In the face of exploding volume and complexity of data which needs no further explanation, the focus of data platform teams have understandably been concentrated on stability and reliability at scale. For example, ensuring the smooth running of business-critical pipelines, minimising downtime or optimising query efficiency.
While companies large and small have made considerable gains in building a scalable and sustainable architecture, we’re left with the uncomfortable questions: is what we’re doing truly providing value? Do we really know who our users are and understand their needs? If so, can they generate insights in a fast and reliable way? As long as users don’t complain and pipelines don’t fail, does that mean all is well? For all our investment in data, are we seeing the return?
These questions that touch on the concept of value are particularly difficult for an internal platform that doesn’t sell to or make money from our users. Moreover, the added complexity of quantifying the value that data brings forces us to consider alternative definitions of value:
- Top-down: How does the data platform align with and contribute to company goals?
- Bottom-up: Would users choose to use the data platform, and is it easy to use?
While the importance of the former cannot be underestimated and should play a critical part in goal setting and prioritisation, this is often a question of modifying process. Meanwhile, the latter is a more complex topic, and especially so for a data platform intended for business (i.e. human) decision-making. To better understand users requires more than a change in process — we need a change of mindset.
When the data platform is viewed purely from a technical lens, we put ourselves at risk of forgetting our users and their needs, building solutions before we’ve understood the problem and further increasing the data/value gap.
These questions are particularly important to ask now, when the growing discussion around data mesh suggests we’re on the verge of a radical shift in how business interacts with and governs data.
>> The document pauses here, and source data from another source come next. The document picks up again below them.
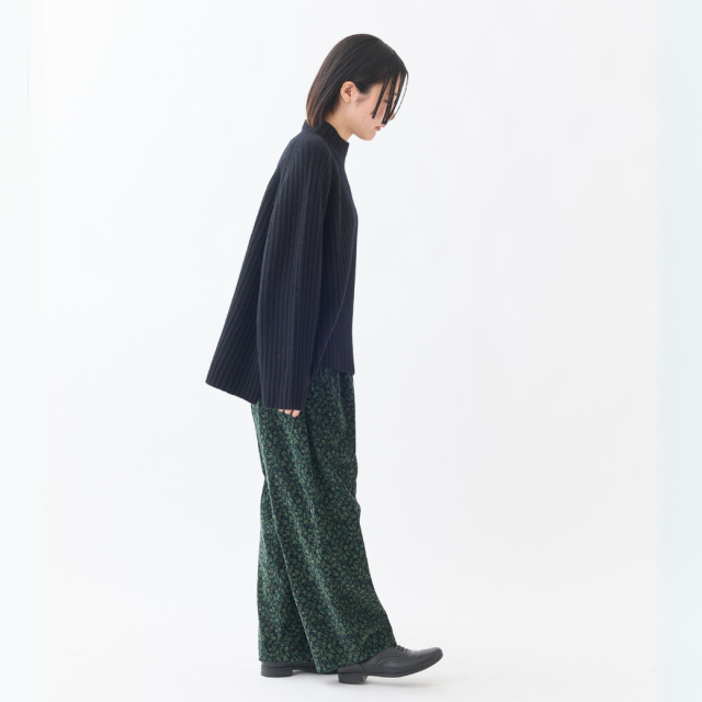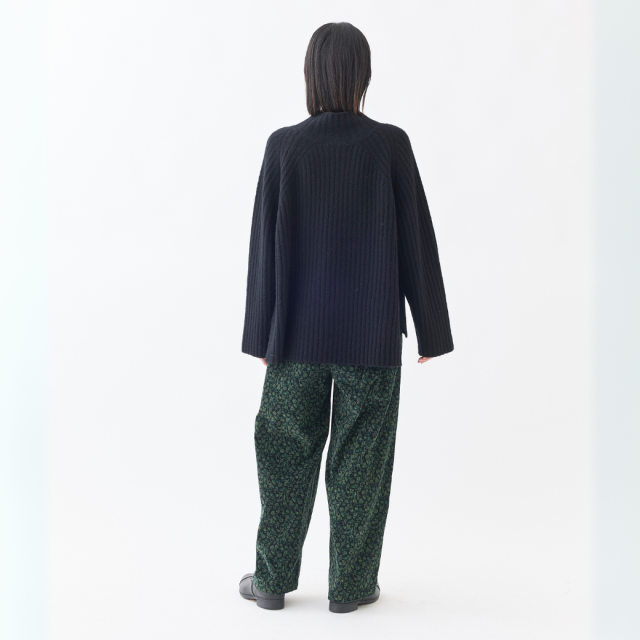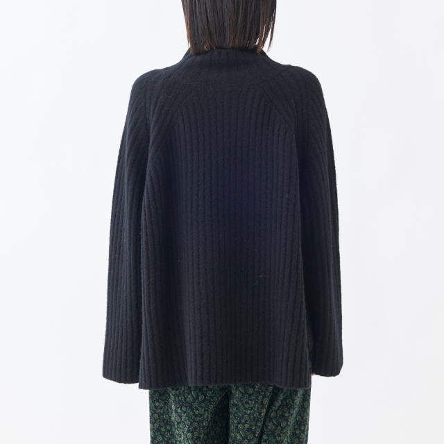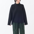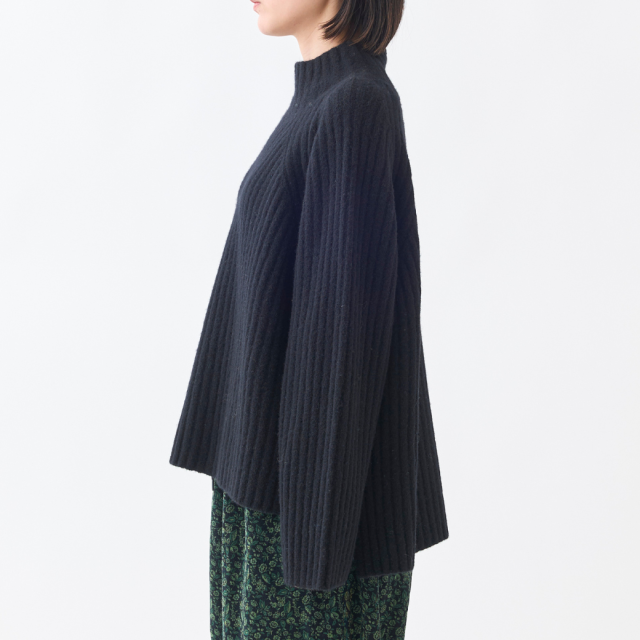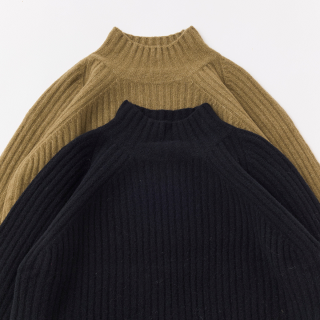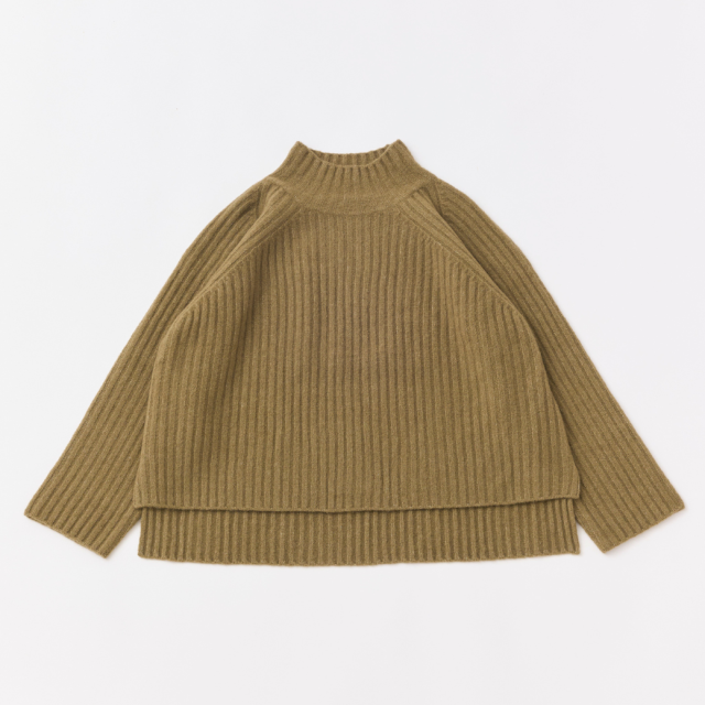 ウール60%、ヤク10%の起毛感のある糸を使用したワイドシルエットのタートルニット。シャツやワンピースに重ねるコーディネートもおすすめです。
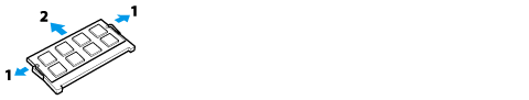1. Si aucune fente n'est libre, retirez le module de mémoire installé. Tirez les languettes dans le sens des flèches pour dégager le module (1), retirez ensuite le module en respectant l'orientation de la flèche (2).
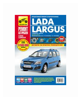 Многокрасочное справочно-информационное издание руководство по ремонту Лада Ларгус, а также руководство по эксплуатации и техническому обслуживанию Лада Ларгус, устройство Лада Ларгус в кузовах универсал и фургон с 2012 года выпуска, оборудованных бензиновыми двигателями рабочим объемом 1,6 л. - К7М 8V, К4М 16V.
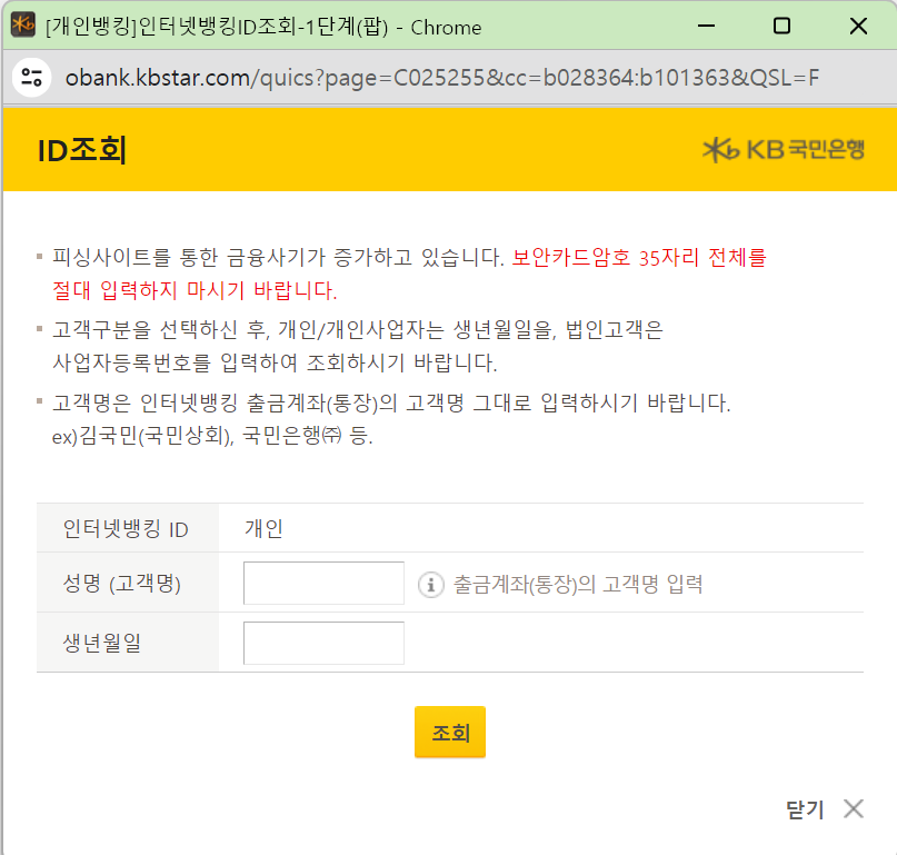 1. 국민은행 홈페이지 접속
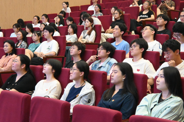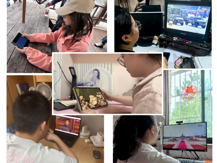 与此同时,因暂未返校而无法到场参加的学生们也通过线上方式同步自主观看。虽相隔屏幕,学生们仍积极交流感想,表达对革命先辈的崇高敬意与对祖国强盛的自豪之情,形成了良好的学习氛围、引发了强烈的集体共鸣。
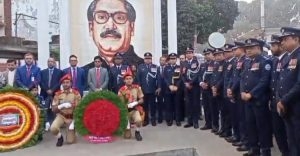 এর আগে শহরের খুলনা মোড়ে বঙ্গবন্ধুর ম্যূরালে পুষ্পস্তবক অর্পন করেন জেলা প্রশাসক ও পুলিশ সুপার সহ সরকারি ও বেসরকারি সংস্থার কর্মকর্তারা।
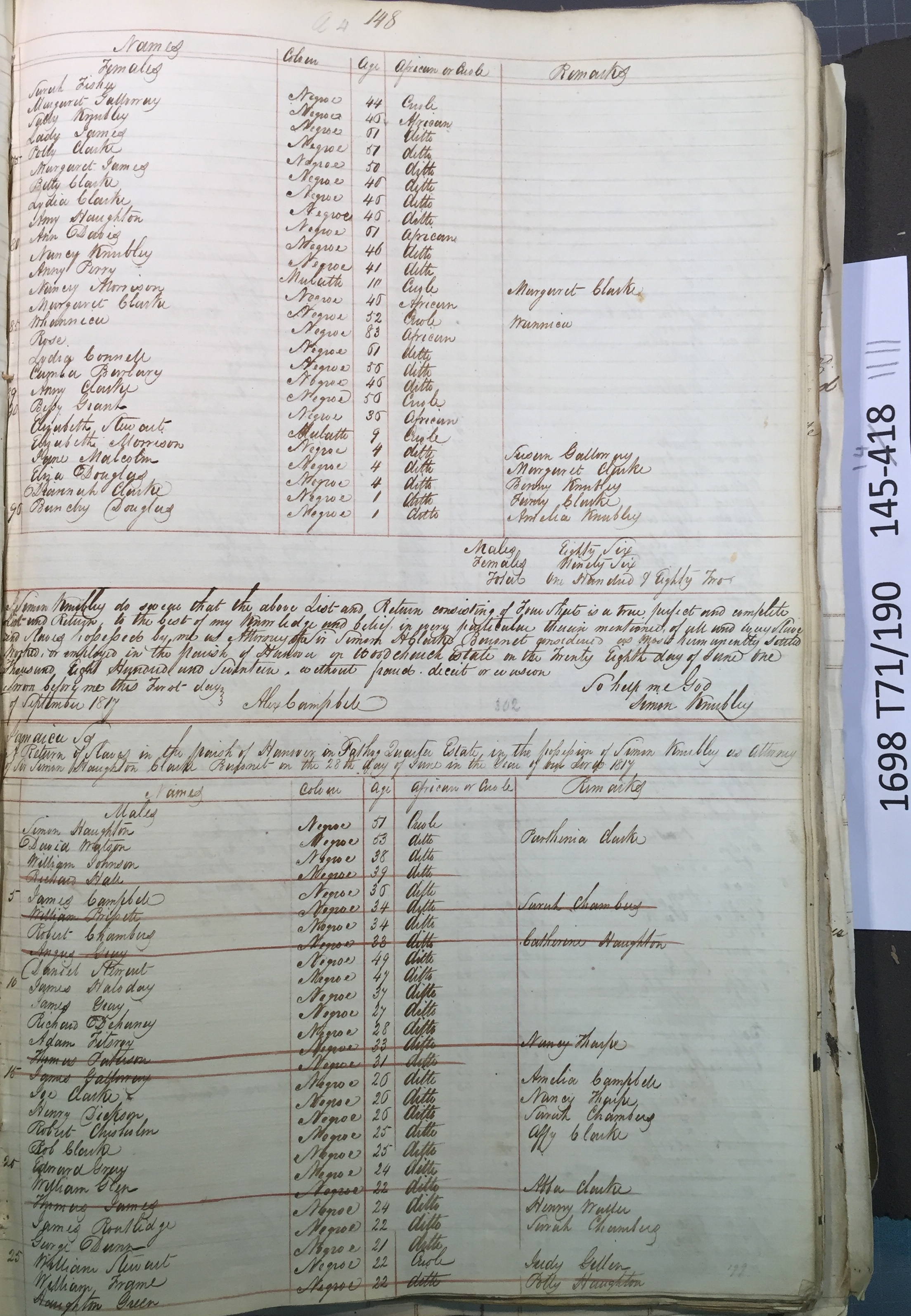 Slave register entry for Woodchurch estate in 1817, page 4 of 4. T71/190 pp. 145-148. © Images reproduced by permission of The National Archives, London, England. The National Archives give no warranty as to the accuracy, completeness or fitness for the purpose of the information provided. Images may be used only for purposes of research, private study or education. Applications for any other use should be made to The National Archives, Kew, Richmond, Surrey TW9 4DU, Tel: 020 8392 5225 Fax: 020 8392 5266.
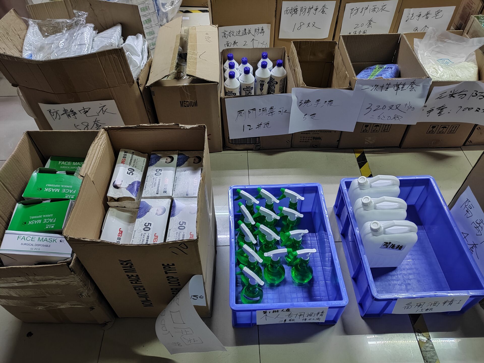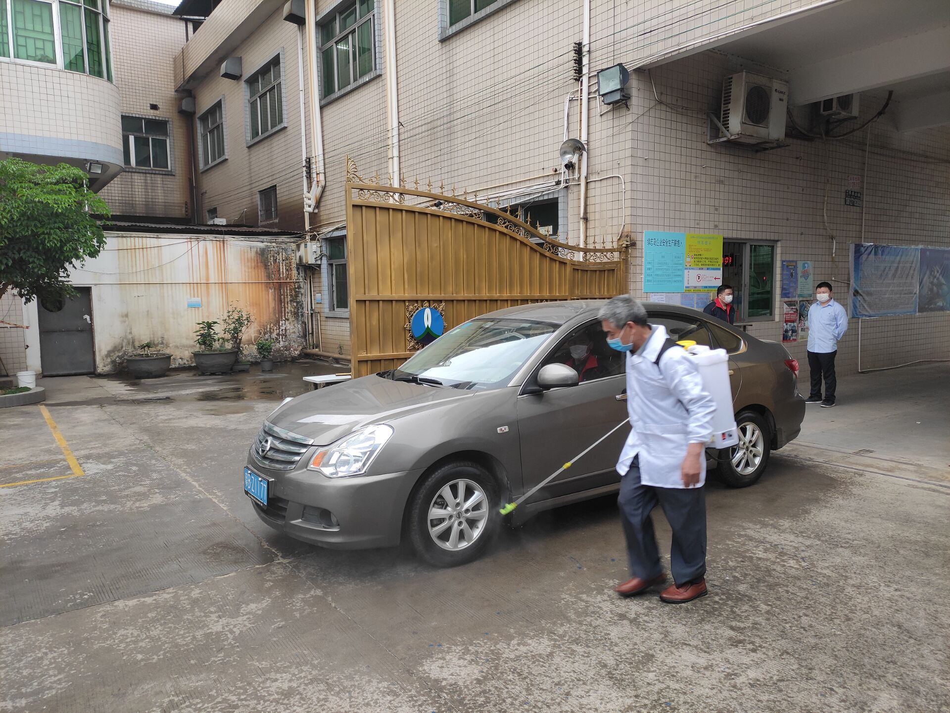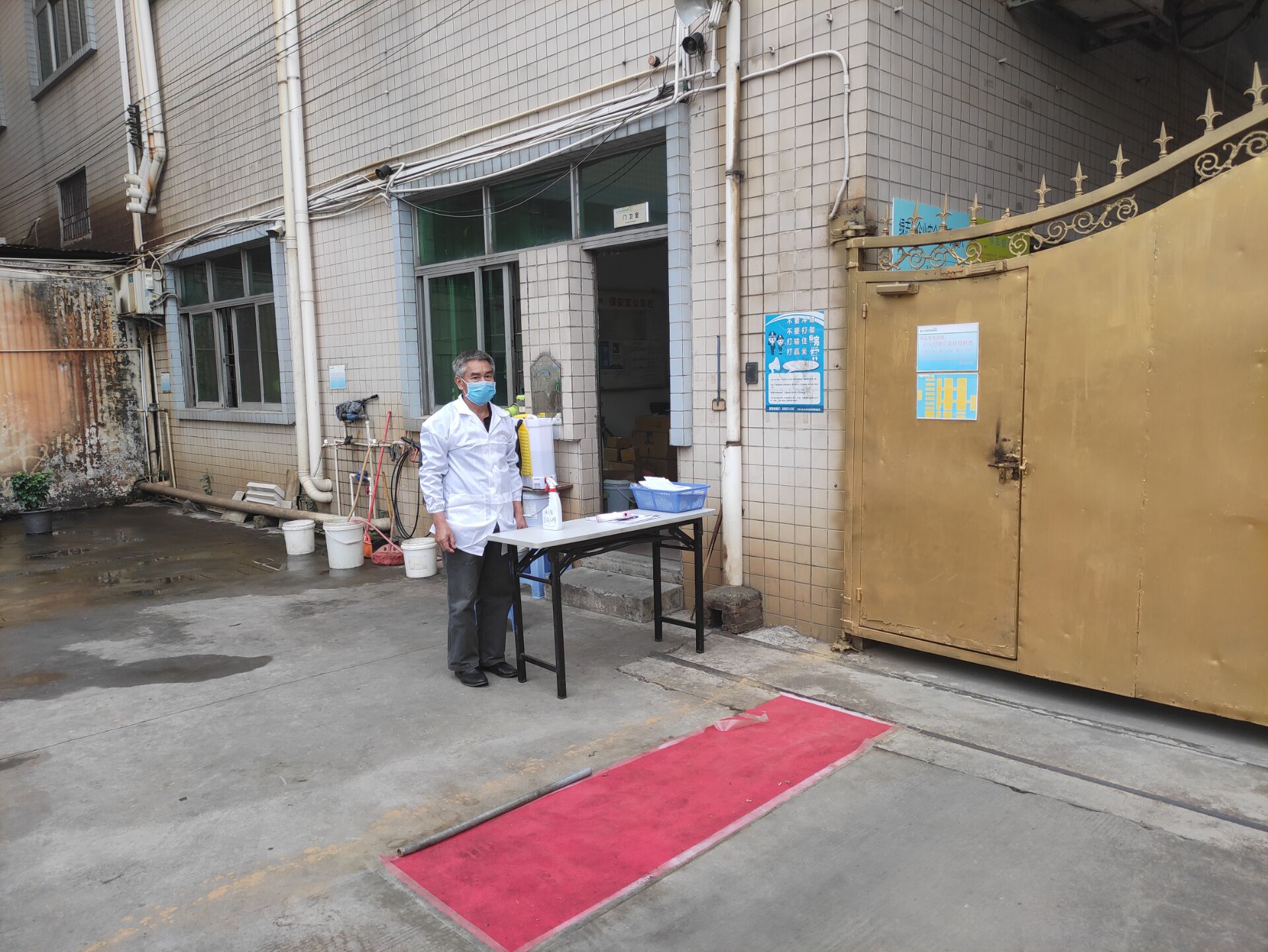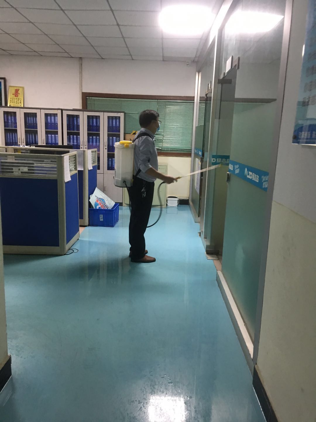 賴總對(duì)車間每個(gè)角落用84消毒水進(jìn)行消毒

This only further increases the need to proactively and continuously understand our users and their evolving needs.
The data platform: More than a tech stack
Much in the same way that experimentation platforms, algorithms, and even the data itself are being increasingly considered products, we turn our attention to the data platform. For simplicity, consider the data platform to refer to all the tech and tools that collectively serve the business to make data-driven decisions.
If the previous section wasn’t enough to convince us, there is one concept that helps sum up the need for product thinking for a data platform more than anything:
Accessing and working with data is a user experience.
In the same way we use applications for almost everything in our personal lives from measuring our heart rates to finding a new house, the experience of accessing data to make decisions should be no different. But the concept of UX is rarely heard among data teams. This is hardly surprising if the data platform is viewed entirely as a technical problem and resourced accordingly; but perhaps added to this is the idea that as user-facing data tools are frequently bought and often come with a UI, that these UIs automatically “take care” of our user needs, i.e our job is done.
But a good UI cannot replace the need for a good UX. To think that in most modern organisations, hundreds or even thousands of users are interacting with data on a daily basis, the idea of not continuously investing in discovering users’ needs, pain points and desires, of not using this user context to shape our roadmap for success, in other words, not thinking of our data platform as a product should concern anyone investing in it in the first place.
Here at Stuart the Data team is fortunate to sit alongside a strong Product team whose philosophy is centred on continuous discovery: identifying opportunities in the form of user needs, pain points and desires and using this to guide our vision, strategy and goals. This means that as well as building products that make sense both from a technical standpoint and aligned with company goals, we’re also strongly led by our users. This approach means we’re more likely to deliver a data platform that users love, and less likely to jump into solutions that ultimately only we in the platform teams love.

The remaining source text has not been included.